USA Today reported an incident commander flew near the Hetch Hetchy area Sunday morning in an effort to evaluate the reservoir's state. Heavy smoke veiled the area, disabling the crew from making a clear assessment.
San Francisco Public Utilities Commission reported no change or impact in water quality or delivery from Hetch Hetchy in a statement released Sunday. Should the Rim Fire interrupt water delivery from Hetch Hetchy, SFPUC can utilize reserves in Bay Area reservoirs, such as San Antonio and Crystal Springs.
However, Supplemental power supplies have cost the SFPUC about $600,000 since Aug. 19. Two of the system's three hydroelectric powerhouses have not been in use since then, and the difference has been made up by accessing power from an existing power bank and purchasing power on the open market.
Firefighters have been using Modular Airborne FireFighting Systems and air tankers to preemptively suppress the Rim Fire's potential spread toward the Highway 108 corridor along the eastern edge.
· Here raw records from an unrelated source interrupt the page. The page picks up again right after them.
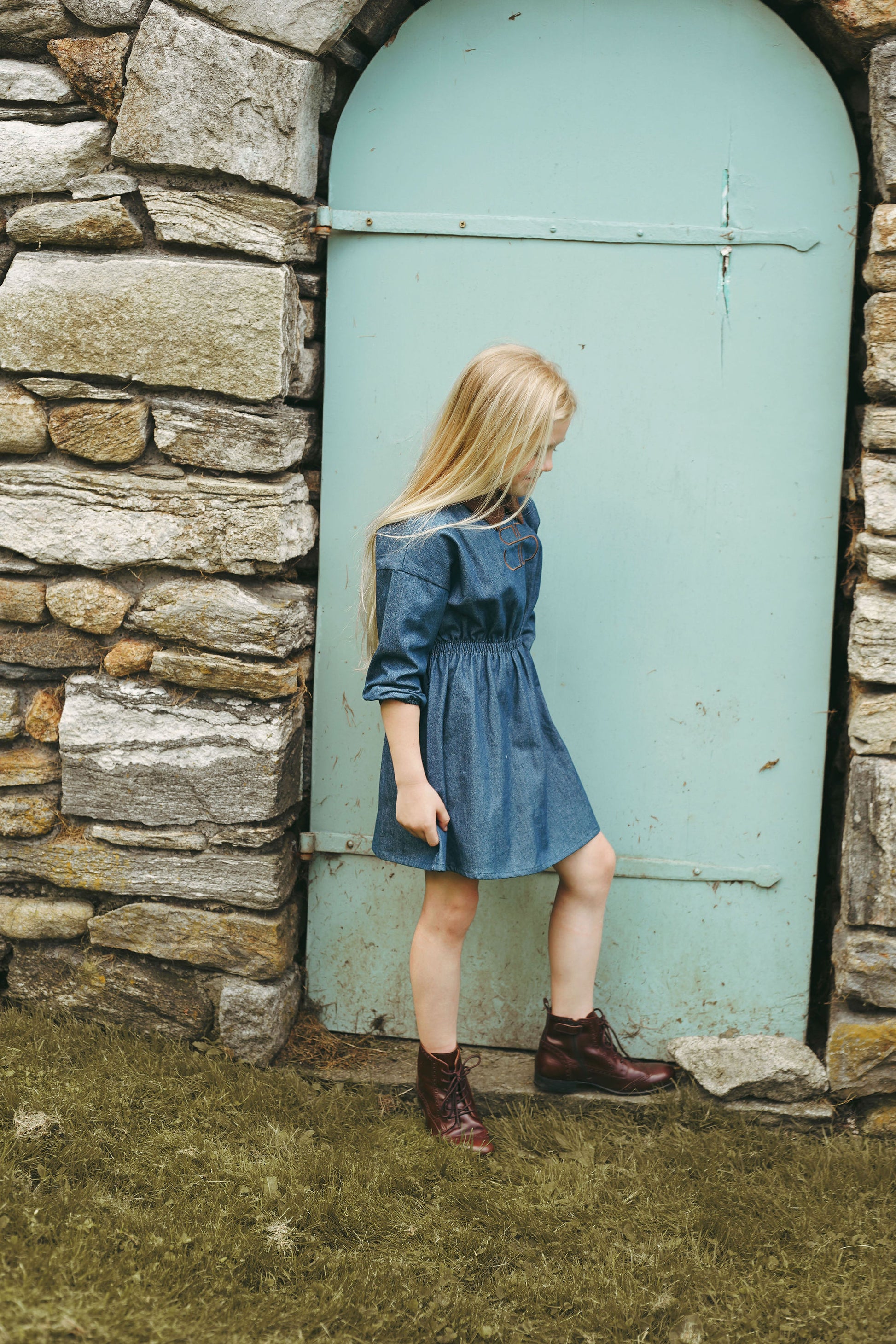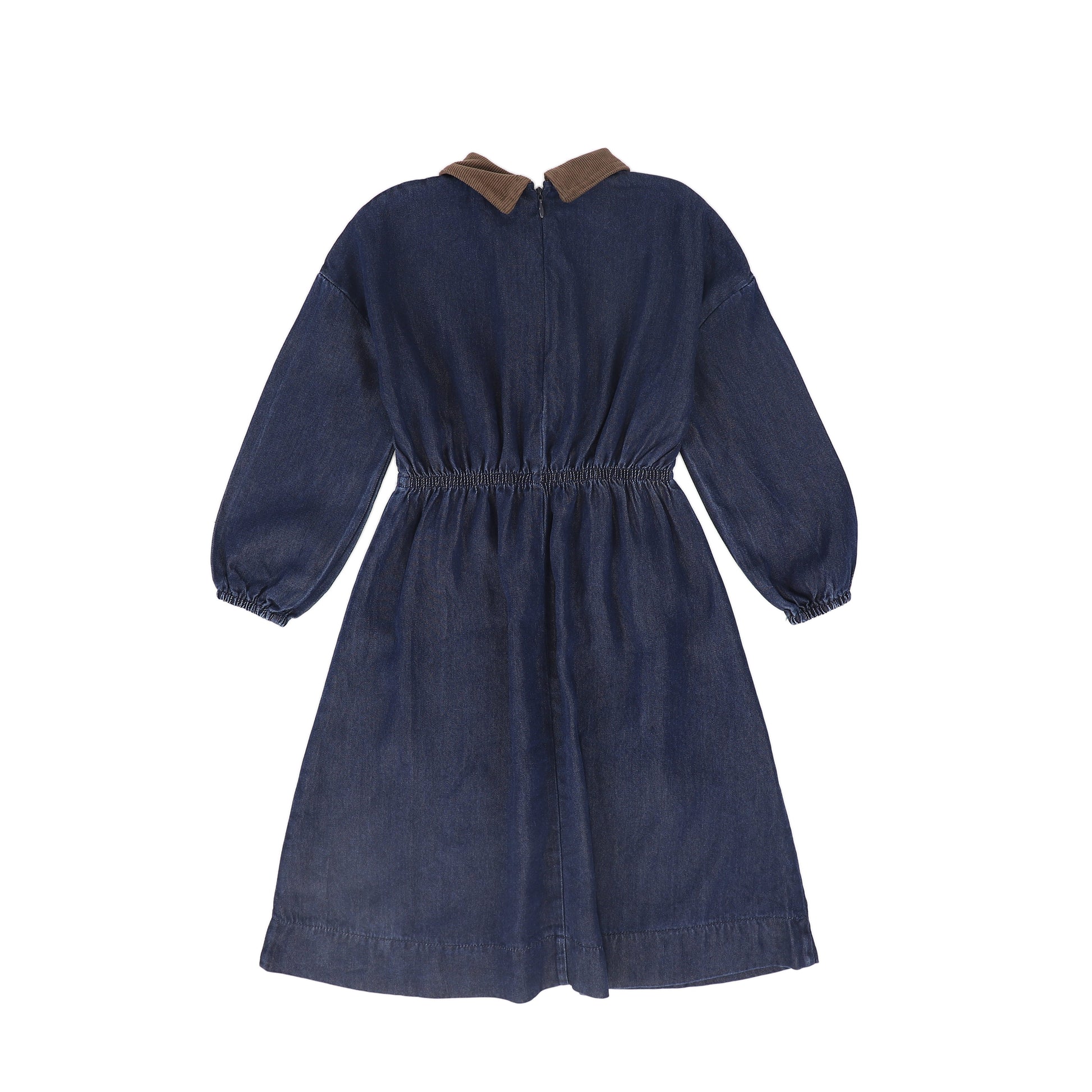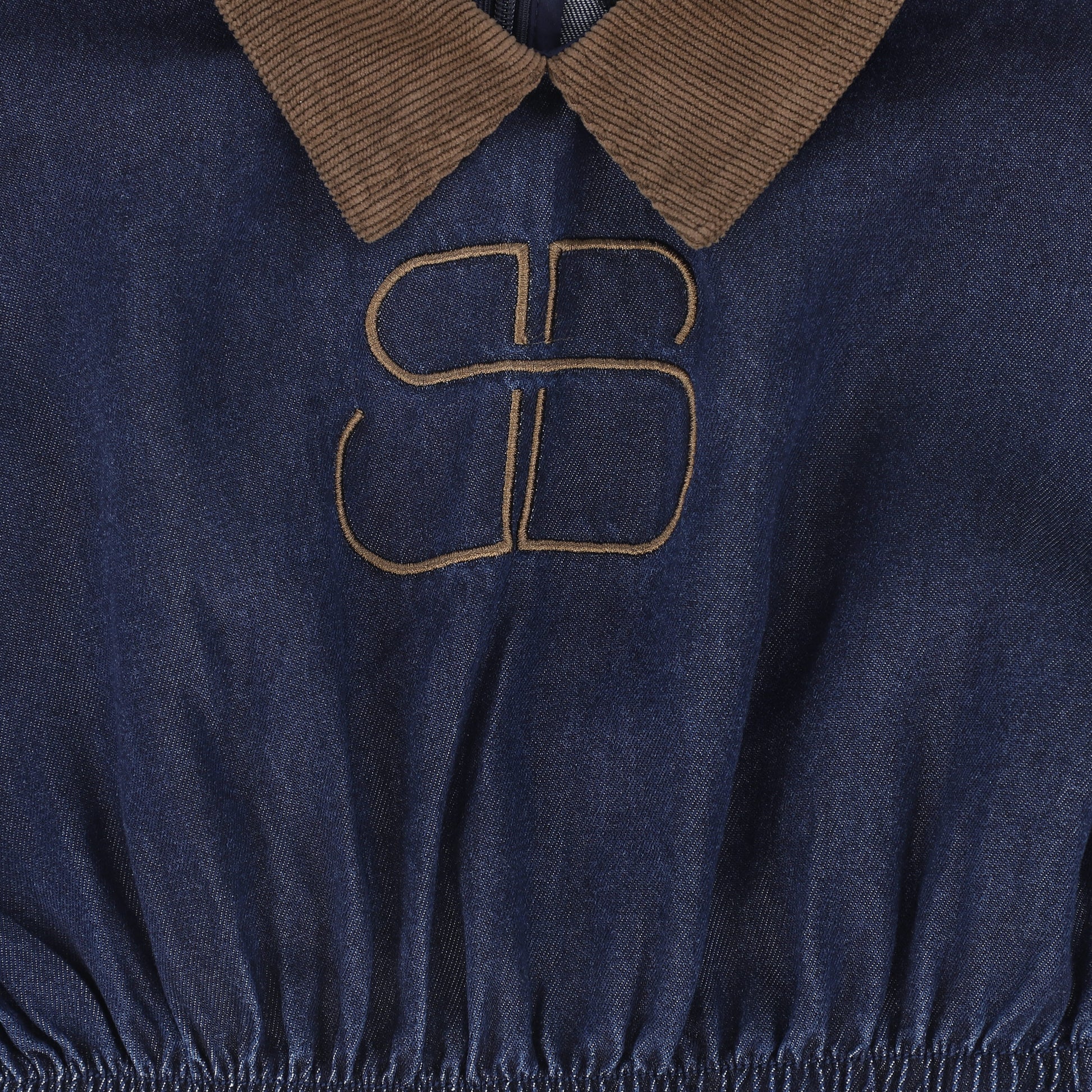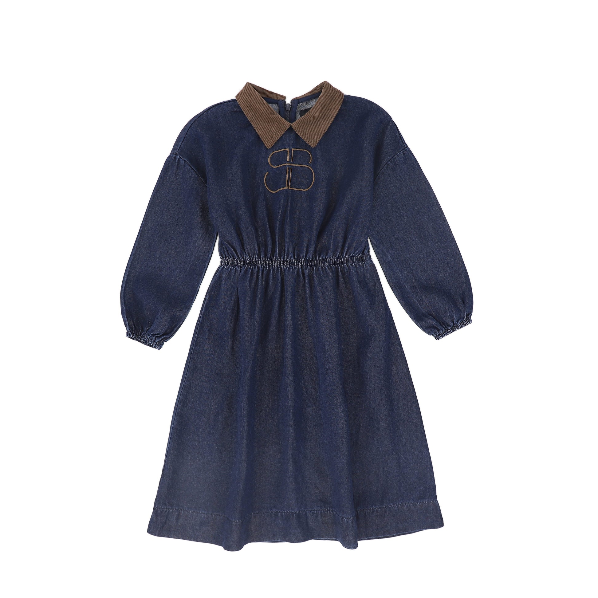 BAMBOO BLUE DENIM EMBROIDERED LOGO WAISTED DRESS
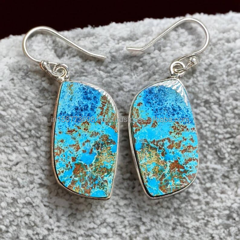 Handmade 925 Sterling Silver Earring, Handmade Blue Shattuckite Jewelry, Cushion Shape, Christmas Gift
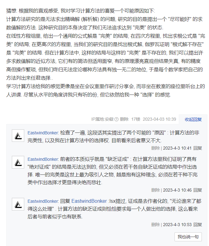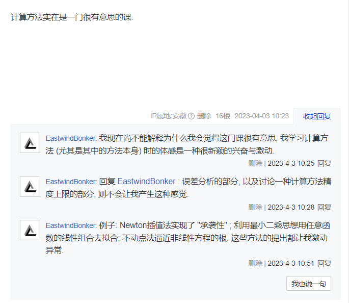 就我所见周围很多选修过计算方法的同学学长 (计科为主) 都认为这是一门无聊且无用至极的课, 从 "手算方法" "证明方法" 这样的绰号中也可以看出一点学生们对它的不满. 不过我上了一两个星期后就觉得计算方法实在是一门很有意思的课, 虽然我目前还不能完全解释: 自己在学习中感受到这种激动与兴奋究竟从何而来......
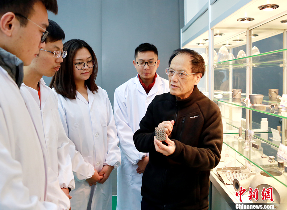 资料图为2017年3月3日,王泽山院士在讲解3D打印新型材料结构。 朱志飞 摄
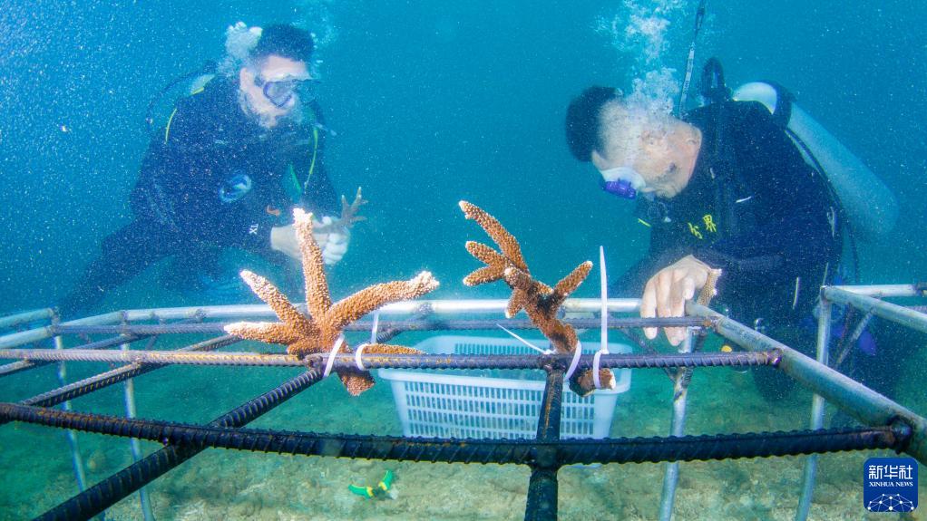 海南省海洋与渔业科学研究院的专家和分界洲岛旅游区工作人员在海南省陵水黎族自治县分界洲岛附近海域移植珊瑚(2022年6月7日摄)。新华社记者 张丽芸 摄
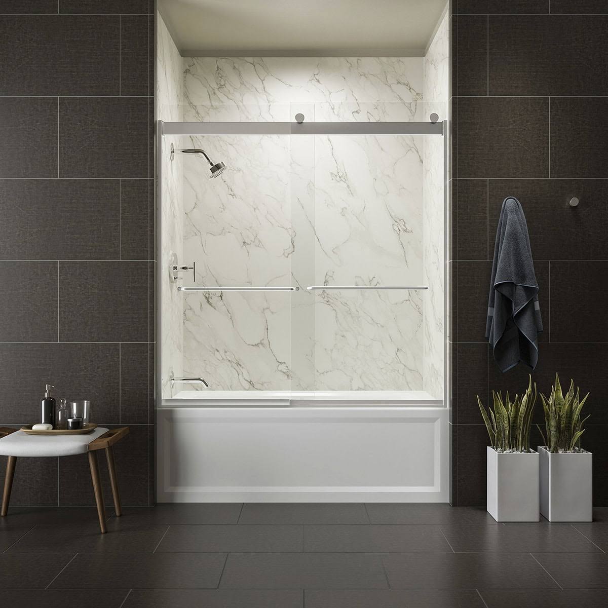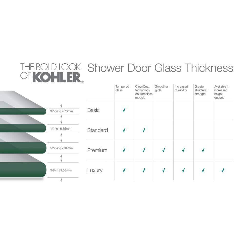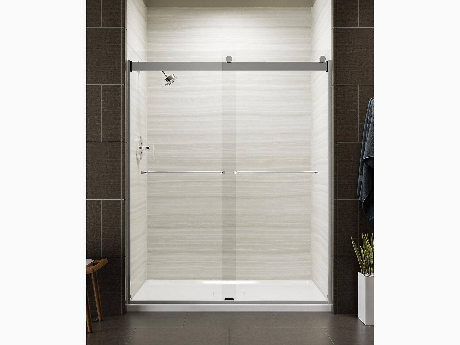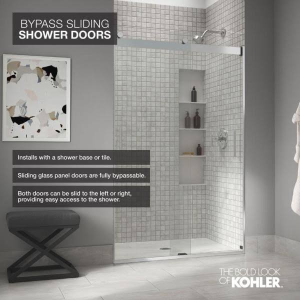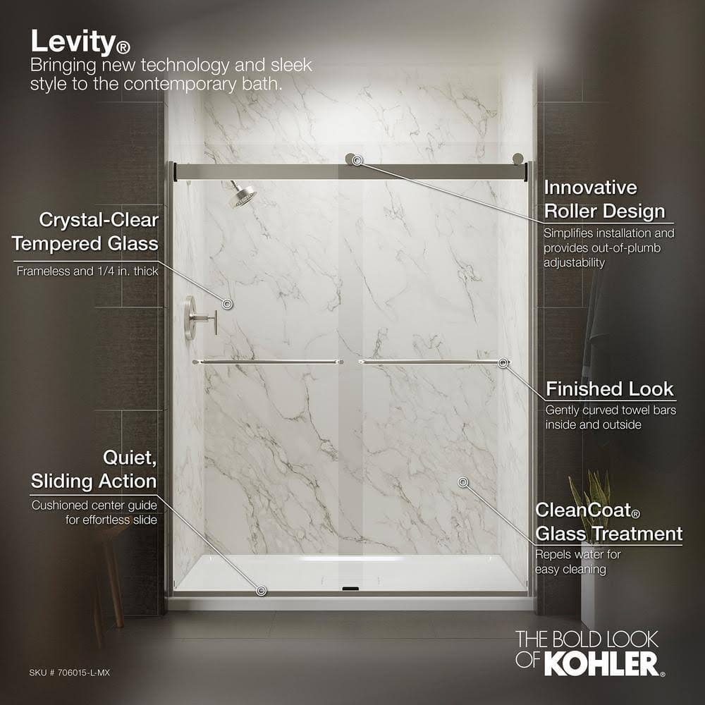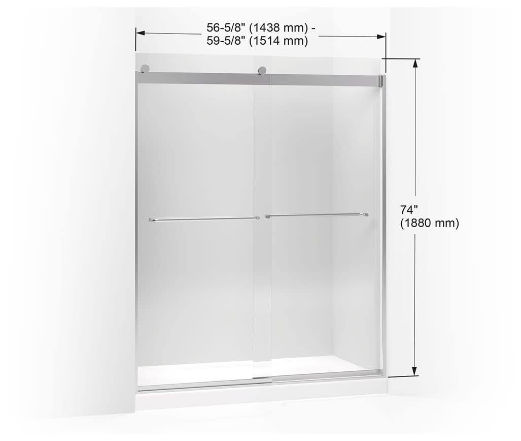 Kohler K-706015-L-SH Bright Silver Levity 74" H Sliding Shower Door with 1/4"- Thick Glass

The Rim Fire, which reportedly started on Aug. 17, is one of many wildfires plaguing the West. Investigators are currently working to discover a cause for the Yosemite wildfire. Firefighters were able to contain six fires on Saturday, according to the NIFC, bringing the total number of active wildfires down to 36 from more than 50 on Friday. The cost to fight the Rim Fire jumped from $12.4 million on Sunday to $20.1 million Monday.
More than 33,000 wildfires have burned through 3.5 million acres so far this year, 60 percent of the nationwide 10-year average. The Rim Fire is the 14th largest wildfire in California history.